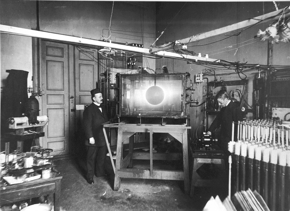 Photography of the physicists Kristian Birkeland (left) and Olaf Devik (right) in the laboratory around the vacuum chamber conducting the Terrella experiment.
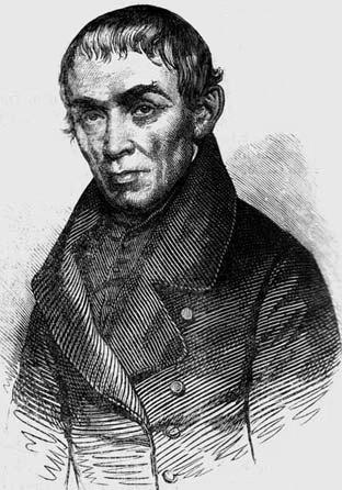 János Kis (1770–1846) Hungarian lutheran pastor, protestant superintendent, poet, translator
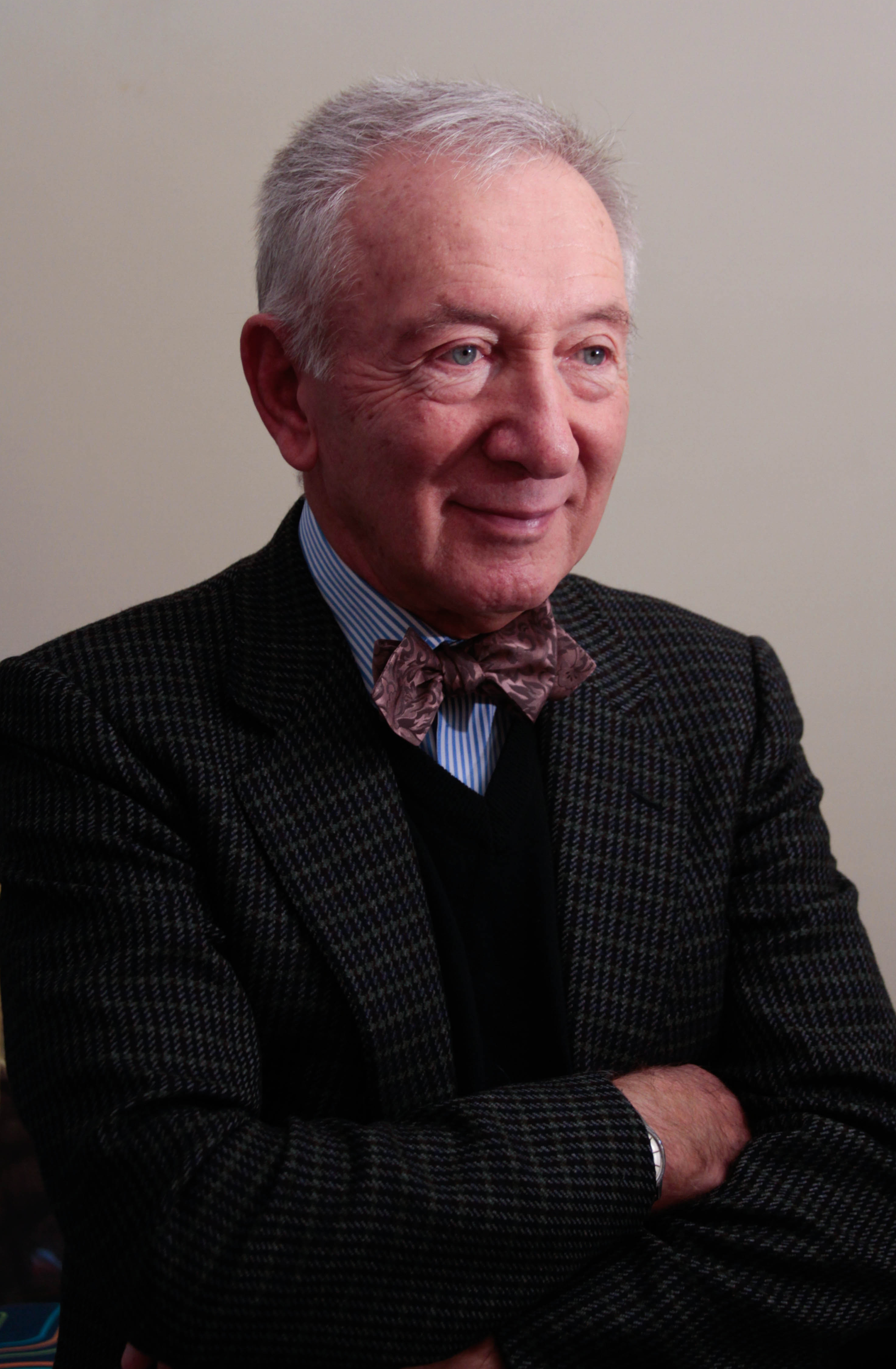 Photo by Levent Menekay

HOW TO COMPLETE THIS TASK: Would you transcribe all of the data exactly, apart from its pictures?

RESPONSE FOR THIS EXERCISE:
 Photography of the physicists Kristian Birkeland (left) and Olaf Devik (right) in the laboratory around the vacuum chamber conducting the Terrella experiment.
 János Kis (1770–1846) Hungarian lutheran pastor, protestant superintendent, poet, translator
 Photo by Levent Menekay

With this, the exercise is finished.